Nicholson’s expeditions have often formed the basis for this work. In the 1990s, he collected a cloud-forest sugar maple in the Mexican biosphere preserve El Cielo. A relative of the familiar, colorful New England tree, the Mexican maple is the rarest species in North America. But Nicholson’s collected tree proved resistant to propagation. For years, it stood as a single exemplar in the Lyman Conservatory, one of only two known wild-collected cloud-forest sugar maples in the country.
This year, however, Nicholson and Maasch managed to propagate the maple using extremely high-strength hormone treatments on cuttings. They’re now working with the U.S. National Arboretum in Washington, D.C., to conduct molecular genetic analysis on the tree to learn more about its genetic makeup.
Through the analysis, Nicholson also hopes to discover how the cloud-forest sugar maple adapted to climate change. Maples likely first migrated to Mexico during glacial periods. It’s unclear whether they’ve now kept the hardiness to cold of their northern cousins. Genetic work might answer this and other questions about how the species has changed.
Such plant collection, says Nicholson, frequently offers unexpected opportunities for collaboration. “You might collect a plant ... and it might sit there for 20, 30, 50 years, and then it suddenly becomes an important tool for someone’s research,” he says. From his El Cielo trip, “five of the plants I collected in that one day ended up in peer-reviewed research papers, because we were the only ones who had them.”
The samples from the collecting expeditions spawn work in medicinal therapy research, genetic analyses and horticultural breeding.
In 2003, for example, Nicholson and his colleagues analyzed a Mexican yew, Taxus globosa, for possible medicinal use. Close relatives of the yew were known to contain a potent anticancer compound called taxol. But the genetic diversity of the Taxus genus, as well as which species contained the most taxol, remained unknown.

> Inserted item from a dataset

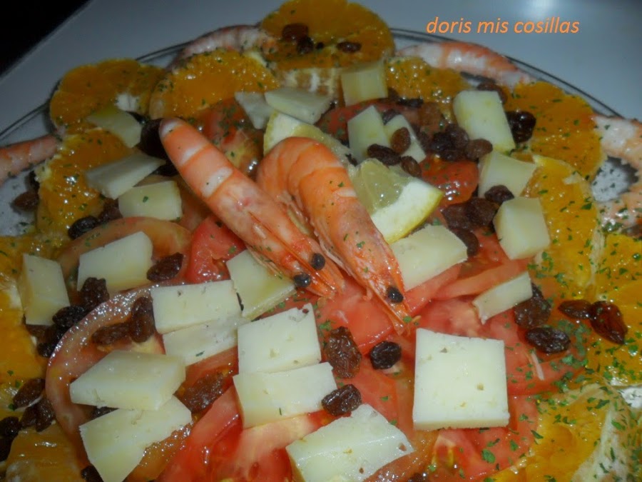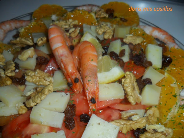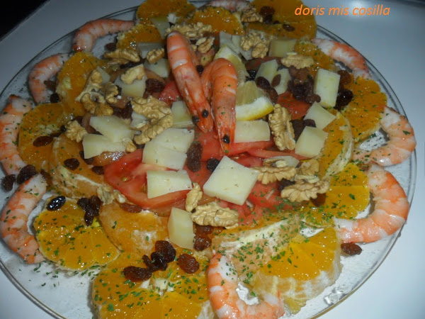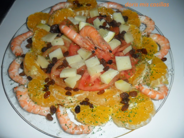En una fuente, poner en el centro, los tomates pelados a rodajas, las naranjas sin la parte blanca.Pelar los langostinos y acomodamos alrededor de la fuente, dejamos algunos sin pelar para la decoración.
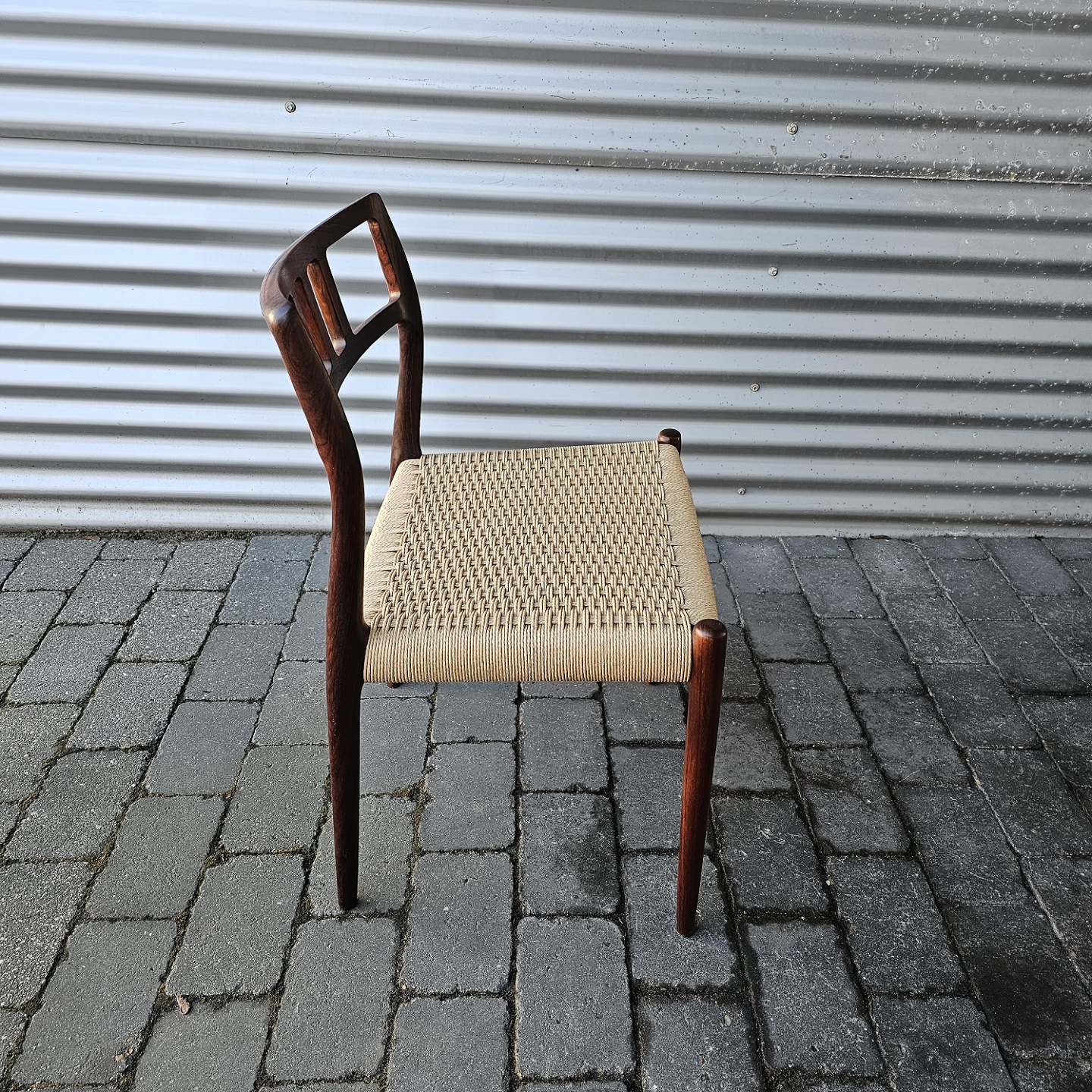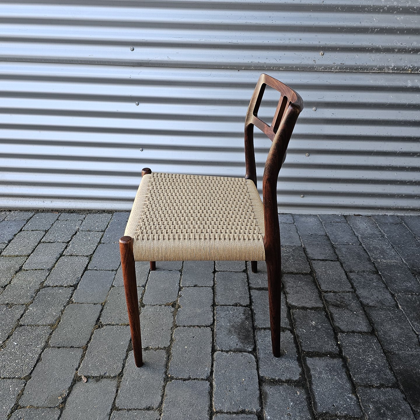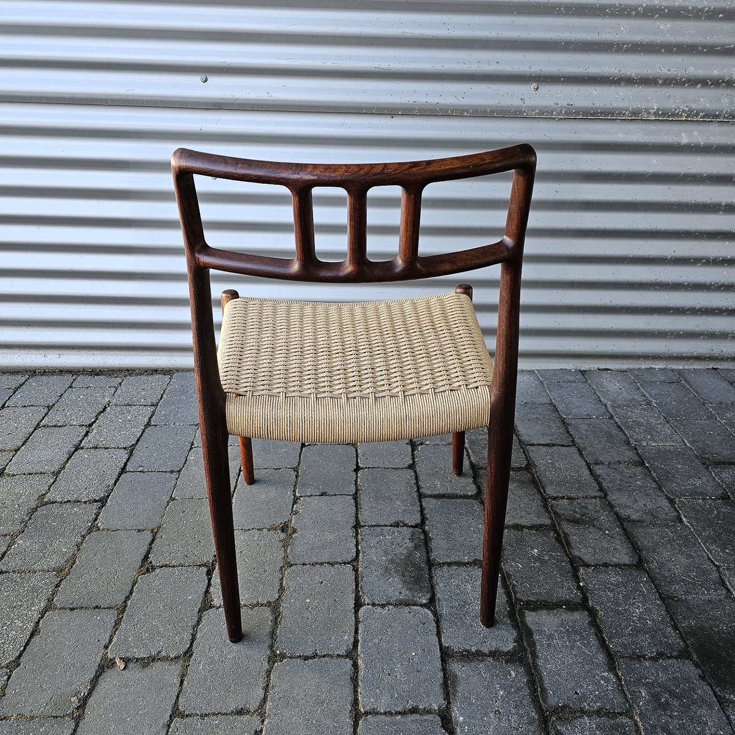 Sæt med fire styk spisebordsstole model 79 i palisander med ny flettede sæderDesign Niels Ole Møller

Nicholson and his collaborators gathered Taxus species from Scandinavia, the Philippines, Vietnam, Korea and Mexico. The Mexican Taxus globosa plant material they collected and analyzed contained over 35 percent more taxol than any previously tested Taxus species—potentially making the tree a new economic crop for Mexico. The work, co-authored with Mexican collaborator Eduardo Estrada, was published in Botánica Económica y Etnobotánica.
With the help of Jacqueline Maasch ’16, Nicholson has successfully propagated a cloud-forest sugar maple from a sample he collected in Mexico in the 1990s. It is one of only two known wild-collected samples of this tree in the United States.
But Nicholson is proudest of his work in protecting endangered species. One tree that he collected in Florida, the stinking cedar or Torreya taxifolia, is expected to become extinct in the wild. Only a few hundred wild trees remain. Nicholson’s efforts have produced thousands of rooted cuttings now housed in botanic gardens and preserves worldwide.
Botanic gardens, he says, must now play a greater role in harboring such species.
“Given the way population growth and climate change are coupling to create a decline in wild areas and to change conditions so quickly that plants can’t migrate or adapt, we’re going to see more and more plants be listed as endangered,” he says. “I don’t know that botanic gardens have risen to that challenge to the degree they should, yet.”